ACTION ITEM: For the data below, retype word for word the lines from the one containing "(通讯员 梁延喆 曹珩哲" through the one containing "Hochwertiges, weiches, lederähnliches"; drop the pictures.

RECORD EXCERPTS:
——————————
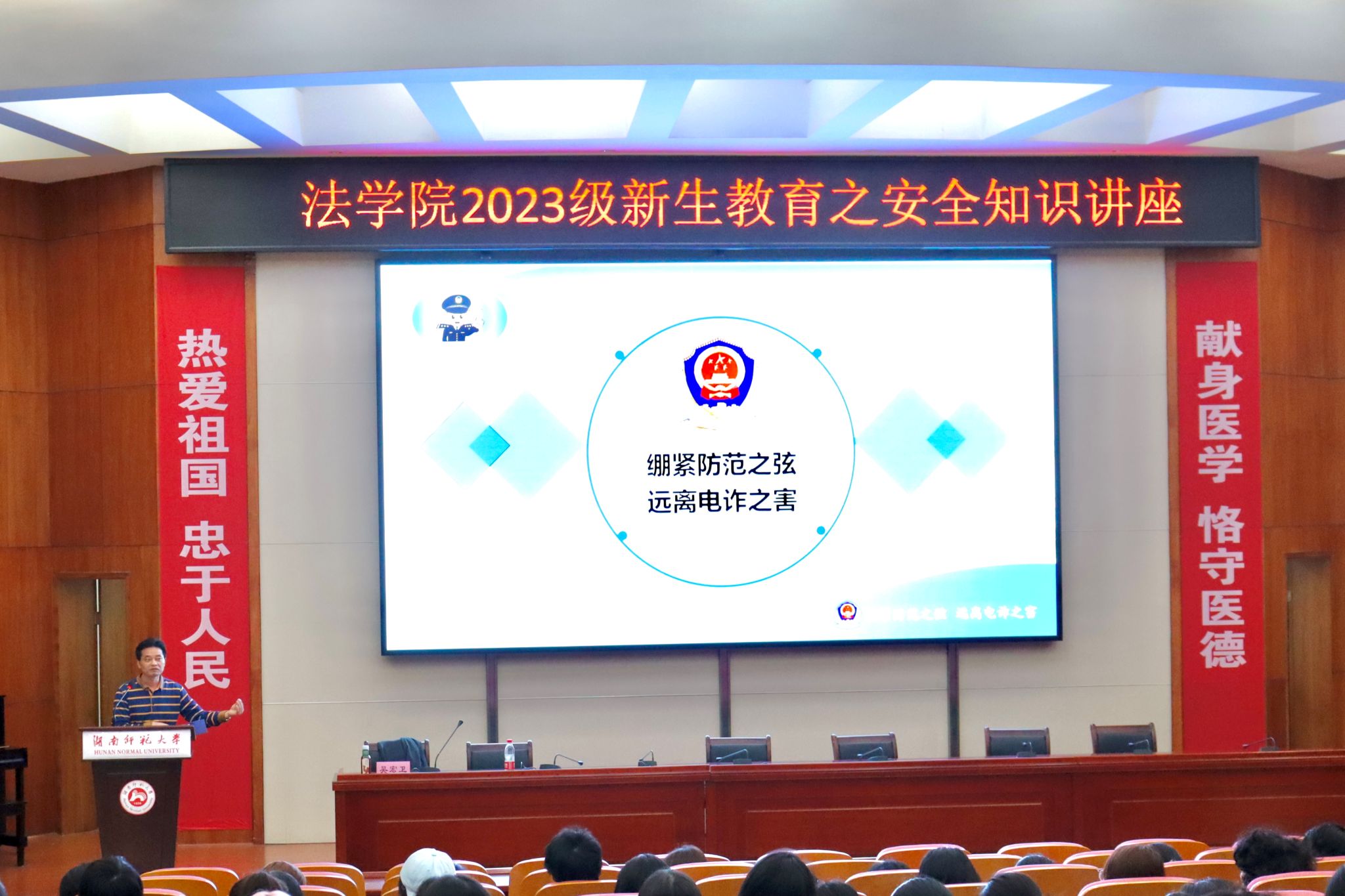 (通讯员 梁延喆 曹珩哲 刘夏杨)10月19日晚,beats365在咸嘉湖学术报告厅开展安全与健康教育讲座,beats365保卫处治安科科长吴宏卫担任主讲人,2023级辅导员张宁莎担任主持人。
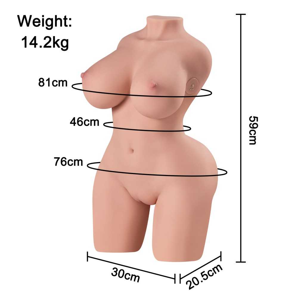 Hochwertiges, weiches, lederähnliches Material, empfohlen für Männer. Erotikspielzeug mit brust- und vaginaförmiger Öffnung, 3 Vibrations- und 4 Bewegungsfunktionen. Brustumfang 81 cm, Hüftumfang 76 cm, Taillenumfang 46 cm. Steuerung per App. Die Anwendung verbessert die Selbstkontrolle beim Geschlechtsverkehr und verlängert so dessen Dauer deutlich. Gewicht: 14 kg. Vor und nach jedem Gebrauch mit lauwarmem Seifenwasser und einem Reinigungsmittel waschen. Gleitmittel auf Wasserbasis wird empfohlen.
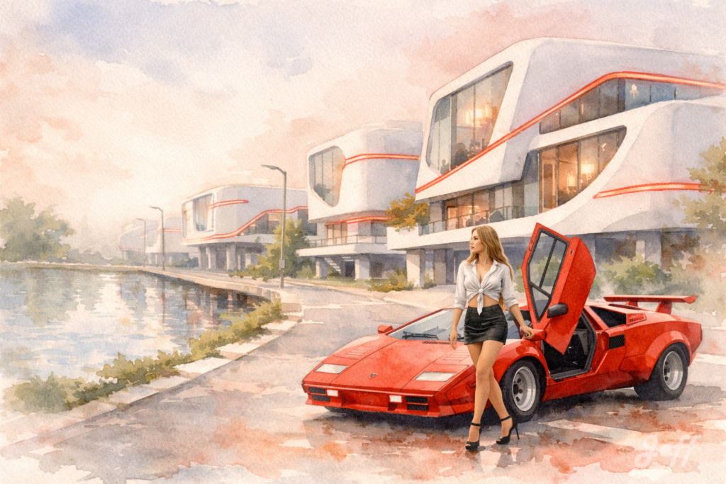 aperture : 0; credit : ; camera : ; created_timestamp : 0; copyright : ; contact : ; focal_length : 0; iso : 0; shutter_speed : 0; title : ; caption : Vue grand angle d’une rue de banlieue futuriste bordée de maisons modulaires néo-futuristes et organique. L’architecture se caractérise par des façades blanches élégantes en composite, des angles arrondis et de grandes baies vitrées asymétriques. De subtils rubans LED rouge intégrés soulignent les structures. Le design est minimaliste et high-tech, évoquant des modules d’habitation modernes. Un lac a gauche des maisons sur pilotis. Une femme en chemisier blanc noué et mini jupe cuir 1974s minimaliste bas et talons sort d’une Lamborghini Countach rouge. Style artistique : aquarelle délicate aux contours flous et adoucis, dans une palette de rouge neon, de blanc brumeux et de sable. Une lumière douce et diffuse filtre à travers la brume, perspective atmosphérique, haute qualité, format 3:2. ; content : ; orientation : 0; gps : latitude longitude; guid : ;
——————————
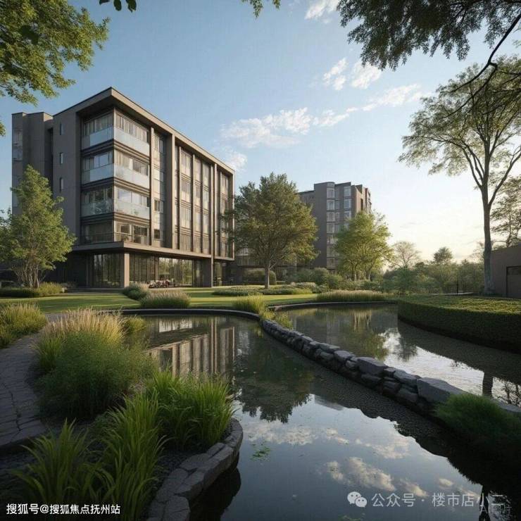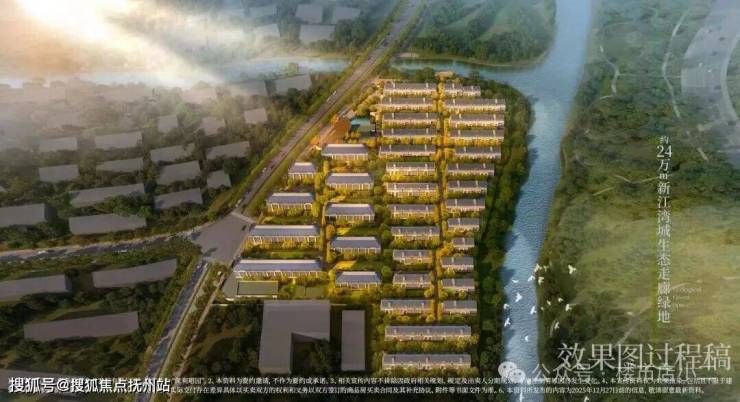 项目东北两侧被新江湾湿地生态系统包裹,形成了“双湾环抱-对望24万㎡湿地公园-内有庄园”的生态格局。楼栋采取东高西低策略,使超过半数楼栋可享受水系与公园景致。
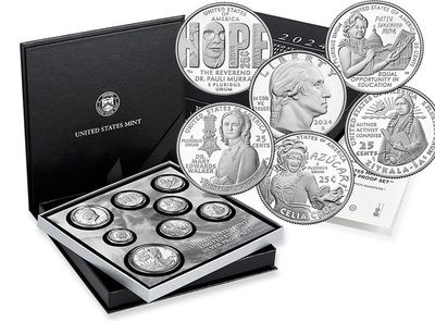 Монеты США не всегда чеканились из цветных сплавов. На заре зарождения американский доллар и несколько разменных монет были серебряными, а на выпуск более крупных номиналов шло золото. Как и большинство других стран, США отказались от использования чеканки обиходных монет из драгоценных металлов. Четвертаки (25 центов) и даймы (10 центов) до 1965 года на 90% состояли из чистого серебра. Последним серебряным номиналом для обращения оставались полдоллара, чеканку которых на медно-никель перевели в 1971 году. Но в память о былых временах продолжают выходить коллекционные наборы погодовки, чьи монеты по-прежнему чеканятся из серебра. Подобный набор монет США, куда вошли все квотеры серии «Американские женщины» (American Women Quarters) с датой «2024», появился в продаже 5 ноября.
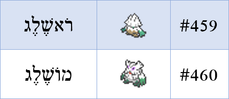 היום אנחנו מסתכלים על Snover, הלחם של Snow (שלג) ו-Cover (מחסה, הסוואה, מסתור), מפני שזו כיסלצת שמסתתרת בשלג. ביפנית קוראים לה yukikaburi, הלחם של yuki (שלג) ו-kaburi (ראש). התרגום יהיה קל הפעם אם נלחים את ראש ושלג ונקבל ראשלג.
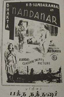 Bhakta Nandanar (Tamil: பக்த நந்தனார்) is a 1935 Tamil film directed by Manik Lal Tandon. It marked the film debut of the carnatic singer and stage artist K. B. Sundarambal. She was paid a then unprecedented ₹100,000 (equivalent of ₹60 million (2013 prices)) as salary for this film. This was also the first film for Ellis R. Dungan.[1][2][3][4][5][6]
——————————
TASK RESULT:
 (通讯员 梁延喆 曹珩哲 刘夏杨)10月19日晚,beats365在咸嘉湖学术报告厅开展安全与健康教育讲座,beats365保卫处治安科科长吴宏卫担任主讲人,2023级辅导员张宁莎担任主持人。
 Hochwertiges, weiches, lederähnliches Material, empfohlen für Männer. Erotikspielzeug mit brust- und vaginaförmiger Öffnung, 3 Vibrations- und 4 Bewegungsfunktionen. Brustumfang 81 cm, Hüftumfang 76 cm, Taillenumfang 46 cm. Steuerung per App. Die Anwendung verbessert die Selbstkontrolle beim Geschlechtsverkehr und verlängert so dessen Dauer deutlich. Gewicht: 14 kg. Vor und nach jedem Gebrauch mit lauwarmem Seifenwasser und einem Reinigungsmittel waschen. Gleitmittel auf Wasserbasis wird empfohlen.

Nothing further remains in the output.